I’d expect that when sdists are moved to the “rejected ideas” section (assuming that’s what happens), the following points would be made:

  1. The PEP clarifies that while there are use cases for sdist support, those are considered out of scope for PEP 665.
  2. It’s explicitly noted that adding sdist support via a follow-up PEP was discussed and is how this PEP expects sdist support to be added at a future date, if required.
  3. I’d imagine a key reason for the rejection would be because it’s much harder to achieve reproducibility for sdists - so the rejection should note this and clarify that any future sdist support PEP needs to describe how reproducibility will be handled.

I don’t know whether that matches people’s expectations about “solving sdist support outside of PEP 665”. In particular, though, if people want to experiment with implementing such support, they will need to write their own lockfile installer - pip isn’t the place for such experimentation.

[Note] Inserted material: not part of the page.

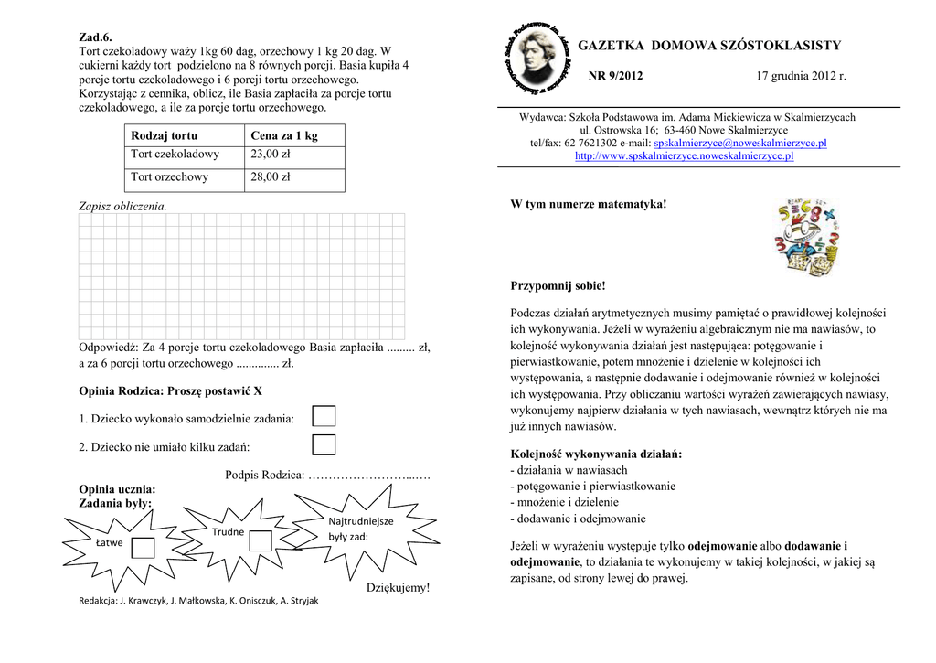 Zad.6. Tort czekoladowy waży 1kg 60 dag, orzechowy 1 kg 20 dag. W cukierni każdy tort podzielono na 8 równych porcji. Basia kupiła 4 porcje tortu czekoladowego i 6 porcji tortu orzechowego. Korzystając z cennika, oblicz, ile Basia zapłaciła za porcje tortu czekoladowego, a ile za porcje tortu orzechowego. Rodzaj tortu Tort czekoladowy Cena za 1 kg 23,00 zł Tort orzechowy 28,00 zł GAZETKA DOMOWA SZÓSTOKLASISTY NR 9/2012 17 grudnia 2012 r. Wydawca: Szkoła Podstawowa im. Adama Mickiewicza w Skalmierzycach ul. Ostrowska 16; 63-460 Nowe Skalmierzyce tel/fax: 62 7621302 e-mail: [email protected] http://www.spskalmierzyce.noweskalmierzyce.pl W tym numerze matematyka! Zapisz obliczenia. Przypomnij sobie! Odpowiedź: Za 4 porcje tortu czekoladowego Basia zapłaciła ......... zł, a za 6 porcji tortu orzechowego .............. zł. Opinia Rodzica: Proszę postawić X 1. Dziecko wykonało samodzielnie zadania: 2. Dziecko nie umiało kilku zadań: Podpis Rodzica: ……………………...…. Opinia ucznia: Zadania były: Łatwe Trudne Najtrudniejsze były zad: Dziękujemy! Redakcja: J. Krawczyk, J. Małkowska, K. Onisczuk, A. Stryjak Podczas działań arytmetycznych musimy pamiętać o prawidłowej kolejności ich wykonywania. Jeżeli w wyrażeniu algebraicznym nie ma nawiasów, to kolejność wykonywania działań jest następująca: potęgowanie i pierwiastkowanie, potem mnożenie i dzielenie w kolejności ich występowania, a następnie dodawanie i odejmowanie również w kolejności ich występowania. Przy obliczaniu wartości wyrażeń zawierających nawiasy, wykonujemy najpierw działania w tych nawiasach, wewnątrz których nie ma już innych nawiasów. Kolejność wykonywania działań: - działania w nawiasach - potęgowanie i pierwiastkowanie - mnożenie i dzielenie - dodawanie i odejmowanie Jeżeli w wyrażeniu występuje tylko odejmowanie albo dodawanie i odejmowanie, to działania te wykonujemy w takiej kolejności, w jakiej są zapisane, od strony lewej do prawej. Przykłady: 56 - 14 - 15 - 13 = 42 - 15 - 13 = 27 - 13 = 14 33 - 12 + 7 - 20 + 5 = 21 + 7 - 20 + 5 = 28 - 20 + 5 = 8 + 5 = 13 Jeżeli w wyrażeniu występuje tylko dzielenie albo mnożenie i dzielenie, to działania te wykonujemy w takiej kolejności, w jakiej są zapisane, od strony lewej do prawej. Przykłady: 100 : 5: 5 : 2 = 20 : 5: 2 = 4 : 2 = 2 10 · 6: 5 : 4 · 15 = 60 : 5: 4 · 15 = 12 : 4 · 15 = 3 · 15 = 45 Jeżeli w wyrażeniu występuje kilka działań i nie ma nawiasów, to jako pierwsze wykonujemy mnożenie i dzielenie w kolejności ich występowania, a następnie wykonujemy dodawanie i odejmowanie w kolejności ich występowania. Zadania z matematyki - na podstawie materiałów OKE w Krakowie Wykres do zadań od 1. do 3. o Zad.2. W którym okresie czasu wzrost temperatury był największy? A. B. C. D. Od 5 do 10 minuty. Od 10 do 15 minuty. Od 15 do 20 minuty. Od 20 do 25 minuty. Zad.3. W którym okresie czasu różnica temperatur była najmniejsza? Przykłady: 50 - 5 · 7 + 16 = 50 - 35 + 16 = 15 + 16 = 31 4 · 7 - 13 + 15 : 3 = 28 - 13 + 5 = 15 + 5 = 20 Temeratura w C Zad.1. Wykres przedstawia zmiany temperatury w piekarniku w zależności od czasu. Wpisz P jeśli zdanie jest prawdziwe lub F jeśli zdanie jest fałszywe. a) W 15 minucie temperatura w piekarniku wynosiła 120oC. .............. b) Do temperatury 150C piekarnik nagrzał się po 25 minutach. ............... c) W piekarniku temperatura 180C utrzymywała się przez 65 minut. ……….... d) Od 75 minuty do 80 minuty temperatura w piekarniku spadła o 10oC …………. A. B. C. D. Między 15 a 25 minutą. Między 20 a 30 minutą. Między 65 a 75 minutą. Między 70 a 80 minutą. Zad.4. W spotkaniu imieninowym wzięło udział 12 osób. Dzieci było 2 razy więcej niż dorosłych. Na spotkaniu było: 200 180 160 140 120 100 80 60 40 20 0 A. B. C. D. 9 dzieci i 3 dorosłych. 8 dzieci i 4 dorosłych. 7 dzieci i 5 dorosłych. 4 dzieci i 8 dorosłych. Zad.5. W jednej szklance mieści się około 24 dag orzeszków. Półtorej szklanki to około: 0 5 10 15 20 25 30 35 40 45 50 55 60 65 70 75 80 Czas w minutach A. 12 dag orzeszków. B. 24 dag orzeszków. C. 36 dag orzeszków. D. 48 dag orzeszków.

To be explicit, pip will need sdist support to be backed by an approved PEP before we add it.

I’d also like to see (assuming sdist support gets rejected) an explicit paragraph in the motivation section explaining that the PEP chooses to only support wheels because that allows reproducibility to be guaranteed without needing build systems to provide reproducibility guarantees as well (which, as far as I know, none of them formally do). I think that would make the current emphasis in the PEP on reproducibility less distracting for people who don’t have a strong need for it.

Sure, but the rest of the PEP is written as if sdists are not supported.

Yes.

Assuming Supporting sdists and source trees in PEP 665 doesn’t lead to sdists making into this PEP, I would summarize what’s there which includes what needs to be resolved by any future PEP.

PEP 665 – A file format to list Python dependencies for reproducibility of an application | peps.python.org was meant to capture that, but I can stengthen it a bit to be more explicit about this.

Added a paragraph in PEP 665: point out why relying on wheels is a good thing · python/peps@e4d35d7 · GitHub.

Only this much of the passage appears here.